Because Sidney immigrated from Lithuania and became a garment labor leader . . . I met some excellent journalists whose work I might have missed, I learned something about Labor Union history, and I connected with fellow bloggers in person.

Here's How:

Sidney Hillman was the founding president of the Amalgamated Clothing and Textile Workers Union of America, a predecessor union of Workers United, SEIU. An architect of the New Deal, he fought to build a vibrant union movement extending beyond the shop floor to all aspects of workers’ lives.

Hillman died in 1946. His passing was felt as a deep personal loss by men and women in every walk of life. Before long, the union, which he had led since its founding in 1914, was besieged with requests to create a living memorial to the man who had become the spokesman for progressive industrial democracy.

The Foundation is deeply concerned with the responsibilities of a free press, including radio and television. Since 1950, the Hillman Prize program has honored contributors to the daily, periodical, and labor press, as well as authors and broadcasters.

The very first daily press winner was the great liberal columnist Murray Kempton. In later years, photography and, most recently, blogging, were added as prize categories.

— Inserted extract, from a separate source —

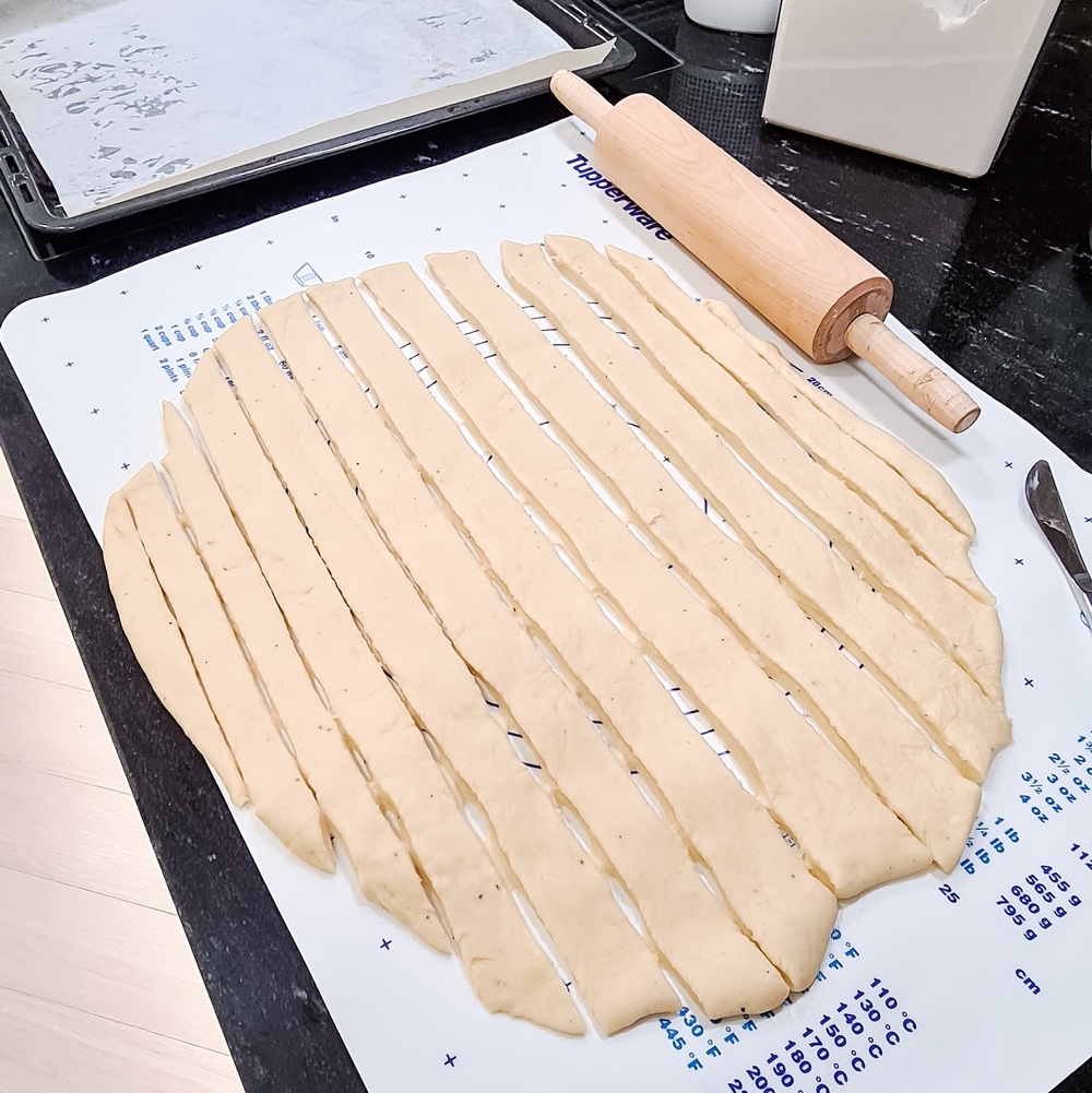 - Kun taikina on kohonnut, kaada se jauhotetulle pöydälle ja vaivaa tasaiseksi palloksi. Kauli sentin paksuksi matoksi. Leikkaa matosta muutaman sentin levyisiä suikaleita.

The Sidney Hillman Foundation has sought to illuminate the great issues of the day—from the search for a basis for lasting peace, to the need for better housing, medical care, and employment security for all people, the promotion of civil liberties and the battle against discrimination based on race, nationality, or religion.

And so I was invited to join the Bloggers Committee by old friend Tom Watson, joining Lindsay Beyerstein, Lance Mannion, Howard Greenstein, Marcia Stepanek, Jamil Smith, Jill Filipovic and others to bring some real-time attention to the winners, who included Frank Bardacke, Ta-nehisis Coates, Sarah Stillman, Katie Falkengberg, and Yoav Potash. Danny Glover and Sidney Poitier were inspiring presenters, and lovely to meet.